Every record that follows must be duplicated exactly, with images left out.

**Supplied information:**
__________

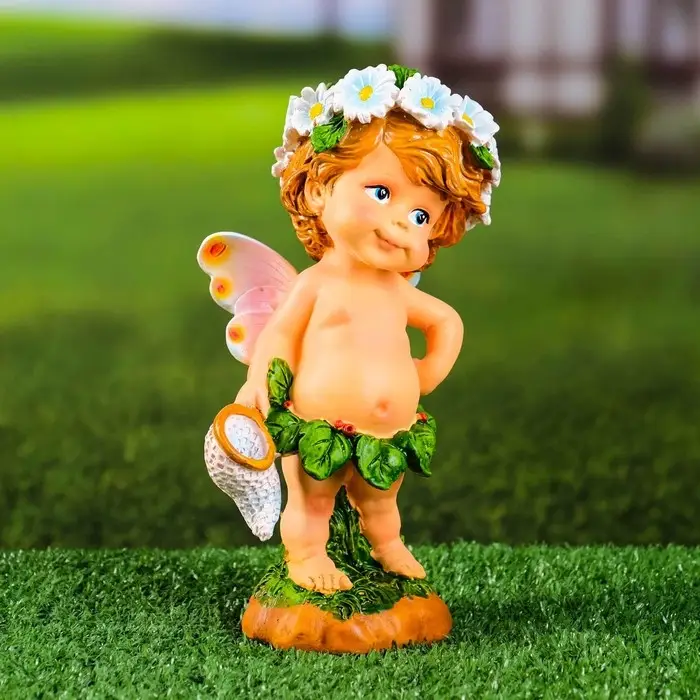 Садовая фигура "Цветочная фея с сачком" 7,5x12x20см
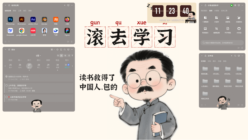 • 桌面組件自由搭配,重要事項(xiàng)一目了然
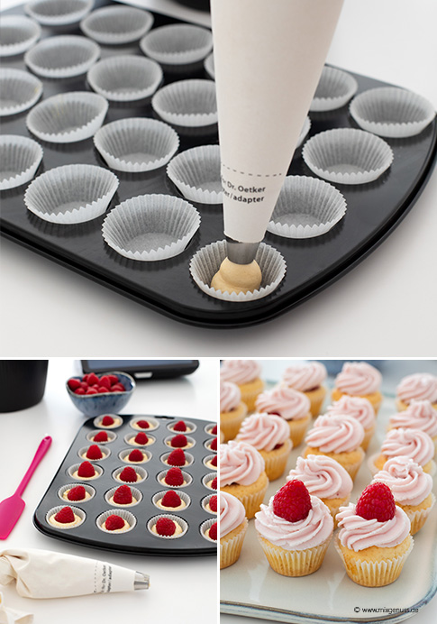 - Teig mithilfe eines Spritzbeutels in die Mulden einer Mini-Muffinform spritzen und jeweils eine Himbeere eindrücken. (Die Mulden am Besten mit Papierförmchen auslegen, alternativ einfetten und mit Mehl ausstreuen). Im vorgeheizten Backofen 15 Min. backen.
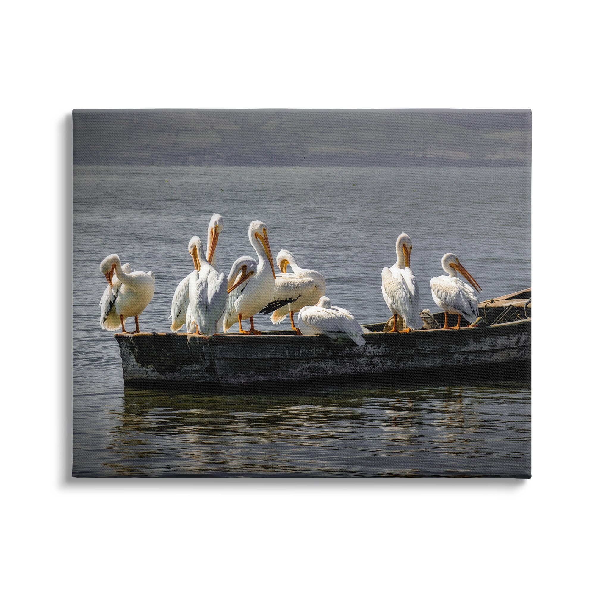 Stupell Pelican Flock on Floating Lake Boat Stretched Canvas Wall Art, Design by David Lorenz
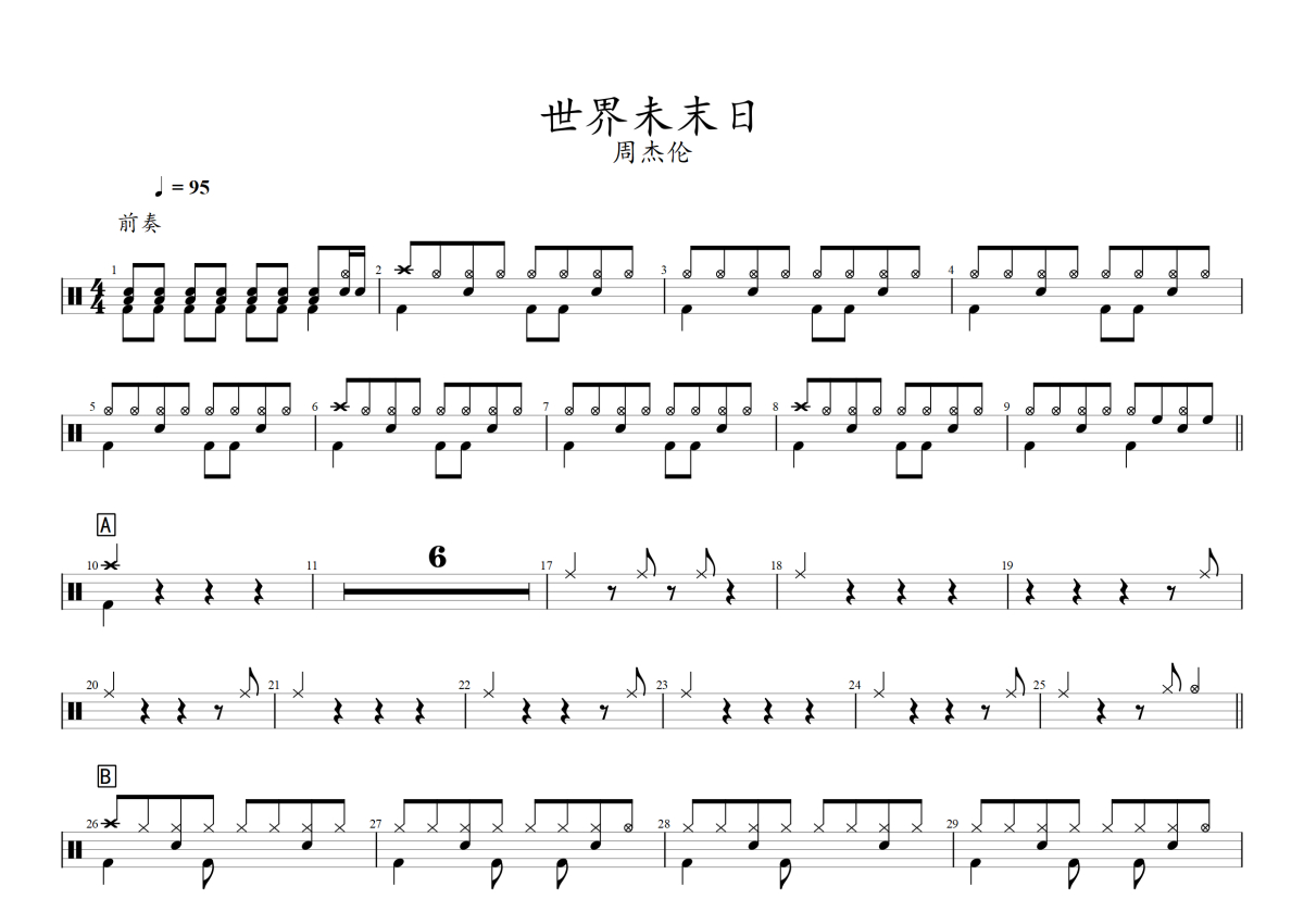 《世界未末日》是周杰伦演唱的一首歌曲,拍号为4/4拍,歌曲速度为每分钟95拍,这份架子鼓谱共有两张高清图谱,图谱由 @音符喷血者 编配上传,图谱使用五线谱编配,使用这份世界未末日架子鼓谱,你将能够轻松地敲打出这首周杰伦的世界未末日,快来尝试吧。
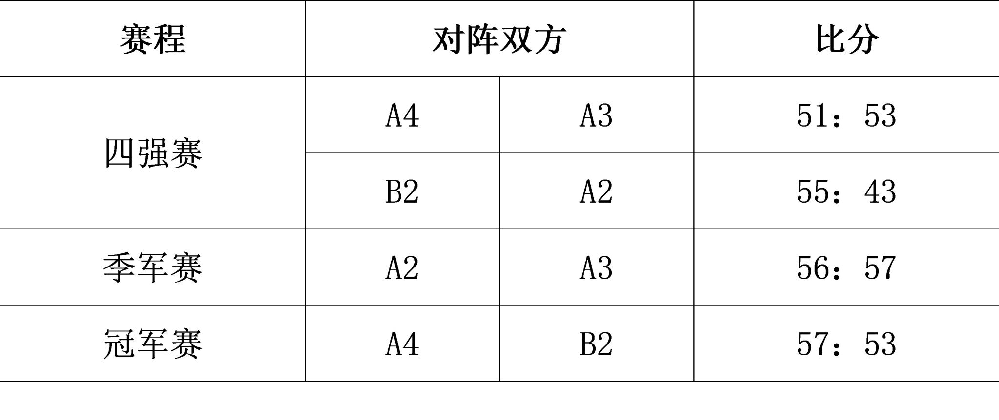 “金秋杯”研究生迎新篮球赛进入决赛阶段。经激烈角逐,A4队获得本次比赛的冠军,B2队、A3队、A2队分别获得亚军、季军和殿军。
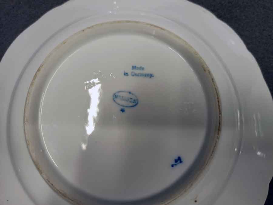 Ovale Teichermarke mit Schriftzug "Meissen" in Blau, teilw. mit Pressmarke "Meissen" u.a. Beizeichen
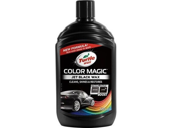 Turtle Wax Color Magic återställer lacken till dess ursprungliga färg och djupa glans. Ytliga repor och virvlar täcks av färgpigmentet som finns i detta vax. Pigmenten täcker tillfälligt repor från biltvätten eller andra repor som lacken/bilen får under sin livstid. En perfekt produkt för dig som inte vill polera din bil, utan bara vill ha en fin lack då och då. Håller inte för evigt, men en bra produkt för att få din bil att glänsa. Detta vax innehåller pigment i svart, om du behöver en annan färg kan du hitta urvalet högre upp på denna sida.

__________

**Answer for the task:**
 Садовая фигура "Цветочная фея с сачком" 7,5x12x20см
 • 桌面組件自由搭配,重要事項(xiàng)一目了然
 - Teig mithilfe eines Spritzbeutels in die Mulden einer Mini-Muffinform spritzen und jeweils eine Himbeere eindrücken. (Die Mulden am Besten mit Papierförmchen auslegen, alternativ einfetten und mit Mehl ausstreuen). Im vorgeheizten Backofen 15 Min. backen.
 Stupell Pelican Flock on Floating Lake Boat Stretched Canvas Wall Art, Design by David Lorenz
 《世界未末日》是周杰伦演唱的一首歌曲,拍号为4/4拍,歌曲速度为每分钟95拍,这份架子鼓谱共有两张高清图谱,图谱由 @音符喷血者 编配上传,图谱使用五线谱编配,使用这份世界未末日架子鼓谱,你将能够轻松地敲打出这首周杰伦的世界未末日,快来尝试吧。
 “金秋杯”研究生迎新篮球赛进入决赛阶段。经激烈角逐,A4队获得本次比赛的冠军,B2队、A3队、A2队分别获得亚军、季军和殿军。
 Ovale Teichermarke mit Schriftzug "Meissen" in Blau, teilw. mit Pressmarke "Meissen" u.a. Beizeichen
 Turtle Wax Color Magic återställer lacken till dess ursprungliga färg och djupa glans. Ytliga repor och virvlar täcks av färgpigmentet som finns i detta vax. Pigmenten täcker tillfälligt repor från biltvätten eller andra repor som lacken/bilen får under sin livstid. En perfekt produkt för dig som inte vill polera din bil, utan bara vill ha en fin lack då och då. Håller inte för evigt, men en bra produkt för att få din bil att glänsa. Detta vax innehåller pigment i svart, om du behöver en annan färg kan du hitta urvalet högre upp på denna sida.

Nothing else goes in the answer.